**TASK ITEM:** Output, word for word, each line from the one with "- Crystal-embellished ankle" through the end of the listing below, excluding every picture.

**EXERCISE DATA:**
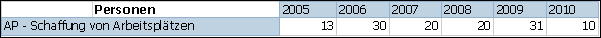 Das Kriterium eines mindestens zwölfmonatigen Beschäftigungsverhältnisses bedingt, dass beendete EB-Förderungen im Zeitraum Anfang Jänner 2005 bis Ende Februar 2010 ausgewertet wurden, nach dem Förderende Februar 2010 ist ein längeres Beschäftigungsverhältnis als 12 Monate zum gegenwärtigen Auswertungszeitpunkt nicht möglich. Dies erklärt, warum die in der Auswertung für 2010 ausgewiesenen Personen (Abgänge aus EB-Förderung Jänner und Februar 2010) deutlich geringer sind als in den vorgehenden Gesamtjahren.
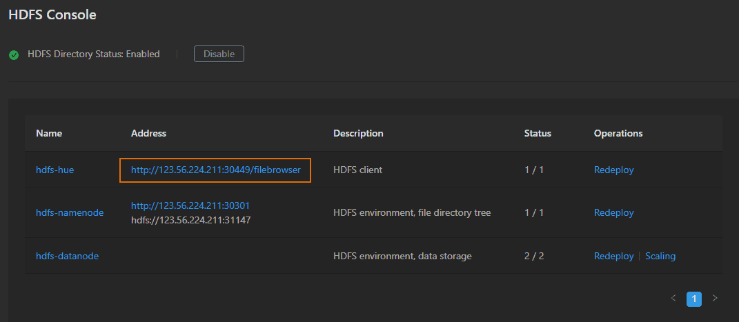 /user/username,/user/is the fixed default path,usernameis the username you created in step 5. The HDFS directory should be ‘hdfs://39.106.103.12:30691/user/username’.
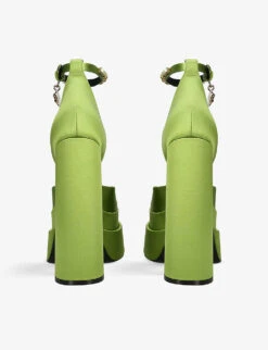 - Crystal-embellished ankle strap, Medusa charm, towering block heel, square toe, platform sole
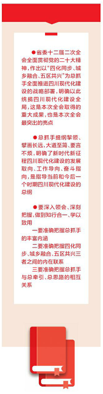省委十二届二次全会全面贯彻党的二十大精神,作出以“四化同步、城乡融合、五区共兴”为总抓手全面推进四川现代化建设的战略部署,明确以此统揽四川现代化建设全局,这是本次全会取得的重大成果,也是本次全会最突出的亮点。王晓晖书记在主题报告中,对为什么提出总抓手,总抓手内涵是什么,怎么推动总抓手落地落实,以及如何把握总抓手与总牵引、总思路之间的关系,等等,都作了深刻阐述,我们要认真学习领会,切实把思想和行动统一到省委决策部署上来。

**OUTPUT OF THE TASK:**
 - Crystal-embellished ankle strap, Medusa charm, towering block heel, square toe, platform sole
省委十二届二次全会全面贯彻党的二十大精神,作出以“四化同步、城乡融合、五区共兴”为总抓手全面推进四川现代化建设的战略部署,明确以此统揽四川现代化建设全局,这是本次全会取得的重大成果,也是本次全会最突出的亮点。王晓晖书记在主题报告中,对为什么提出总抓手,总抓手内涵是什么,怎么推动总抓手落地落实,以及如何把握总抓手与总牵引、总思路之间的关系,等等,都作了深刻阐述,我们要认真学习领会,切实把思想和行动统一到省委决策部署上来。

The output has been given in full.